By default, an AWS Elastic Load Balancer may not have HTTPS enabled and may only use HTTP. You must configure HTTPS by setting up an SSL certificate.

Pre-requisites:

  • SSL/TLS Certificate to configure HTTPS.

  • IAM permissions to manage load balancer configurations and SSL certificates.

  • Access to AWS Certificate Manager (ACM) or a third-party certificate provider to issue the SSL certificate.

Remediation:

Test Plan:

Using the AWS Console:

  1. Log in to the AWS Management Console.

  2. Navigate to EC2 and select Load Balancers under Load Balancing.

  3. Choose the load balancer that you want to configure.

  4. Under the Listeners tab, check for an existing HTTPS listener. If there is no HTTPS listener, click Add listener.

  5. Select HTTPS as the protocol and choose the SSL certificate from AWS Certificate Manager (ACM) or upload your own certificate.

  6. Configure the security settings, such as SSL policy, and specify the default action (e.g., forwarding to a target group).

  7. Save the configuration and verify that the load balancer now handles HTTPS traffic.

  8. Test the configuration by accessing your load balancer’s DNS name over HTTPS (e.g., https://<load-balancer-dns-name>).

Using AWS CLI:

  1. List the existing load balancers: 

    aws elb describe-load-balancers


  2. If an HTTPS listener is not configured, add one by running: 

    aws elb create-load-balancer-listeners --load-balancer-name <load-balancer-name> --listeners Protocol=HTTPS,LoadBalancerPort=443,InstanceProtocol=HTTP,InstancePort=80,SSLCertificateId=<certificate-arn>

  3. Verify the listeners associated with the load balancer: 

    aws elb describe-load-balancer-listeners --load-balancer-name <load-balancer-name>

  4. Check that the load balancer now accepts HTTPS traffic.

Implementation Plan:

Using the AWS Console:

  1. Log in to the AWS Management Console.

  2. Navigate to EC2 > Load Balancers and select the load balancer to configure.

  3. Under the Listeners tab, click Add listener.

  4. Select HTTPS as the protocol and associate the appropriate SSL certificate from ACM or upload a new certificate.

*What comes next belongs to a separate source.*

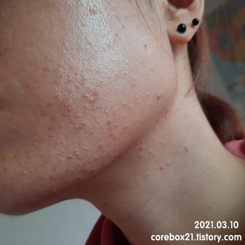 점점 세안하면서 턱에 많이져지는 좁살 여드름 개수가 줄기 시작함.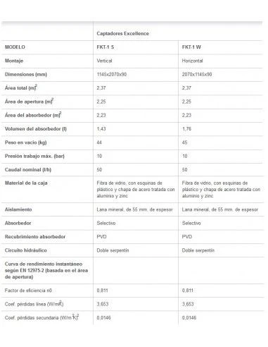 | El Captador solar plano Junkers Excellence FKT-2 W, de alto rendimiento, con tratamiento altamente selectivo (PVD), para montaje en horizontal El circuito hidráulico en doble serpentín y permite conexión en paralelo hasta 10 captadores, sus uniones metálicas flexibles, de muy fácil conexión y gran durabilidad. Su absorbedor, lámina completa de Cu/Al y su soldadura en Omega para una mejor transferencia del calor. Con aislamiento de lana mineral de 55 mm. de espesor y carcasa de una sola pieza, realizada en fibra de vidrio con una superficie apertura 2,426 m2. |

  5. Set up the necessary security settings and SSL policies (e.g., use strong encryption ciphers).

  6. Save the listener settings and confirm that HTTPS traffic is handled by the load balancer.

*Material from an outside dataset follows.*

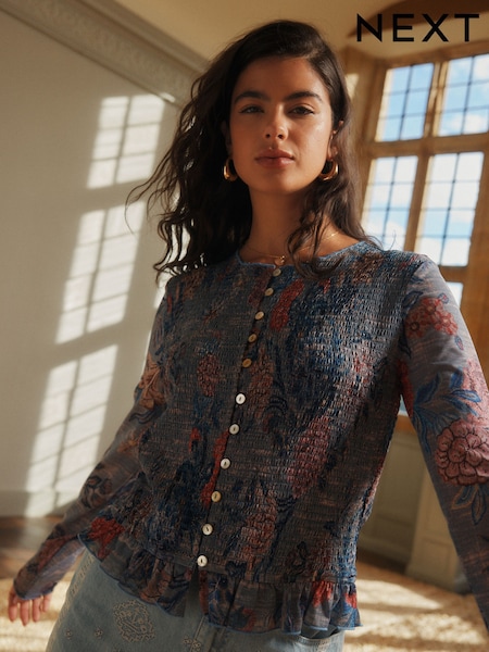Blue Floral Print National Trust x Next Shirred Mesh Long Sleeve Button Through Top

  7. Test by navigating to your load balancer’s DNS name and checking that HTTPS is working.

Using AWS CLI:

  1. To add an HTTPS listener to an existing load balancer, run: 

    aws elb create-load-balancer-listeners --load-balancer-name <load-balancer-name> --listeners Protocol=HTTPS,LoadBalancerPort=443,InstanceProtocol=HTTP,InstancePort=80,SSLCertificateId=<certificate-arn>

  2. Verify that the listener has been added by running: 

    aws elb describe-load-balancer-listeners --load-balancer-name <load-balancer-name>

  3. Test the load balancer’s DNS name by accessing it over HTTPS (e.g., https://<load-balancer-dns-name>).

Backout Plan:

Using the AWS Console:

  1. If the HTTPS configuration causes issues, navigate to Load Balancers in the EC2 Console.

  2. Select the load balancer, go to the Listeners tab, and delete the HTTPS listener by clicking Remove.

  3. Ensure that only the HTTP listener is left, and verify that HTTP traffic is functioning correctly.

Using AWS CLI:

  1. To remove the HTTPS listener, run: 

    aws elb delete-load-balancer-listeners --load-balancer-name <load-balancer-name> --load-balancer-ports 443

  2. Verify that the listener is removed and the load balancer is only accepting HTTP traffic:

     aws elb describe-load-balancer-listeners --load-balancer-name <load-balancer-name>

References:

CIS Controls:

Version

Control ID

Control Description

v8

9.6

Ensure that all traffic to your Elastic Load Balancer (ELB) is encrypted using HTTPS to protect data in transit.

v7

12.5

Enable HTTPS on all load balancers to ensure secure communication between clients and your services.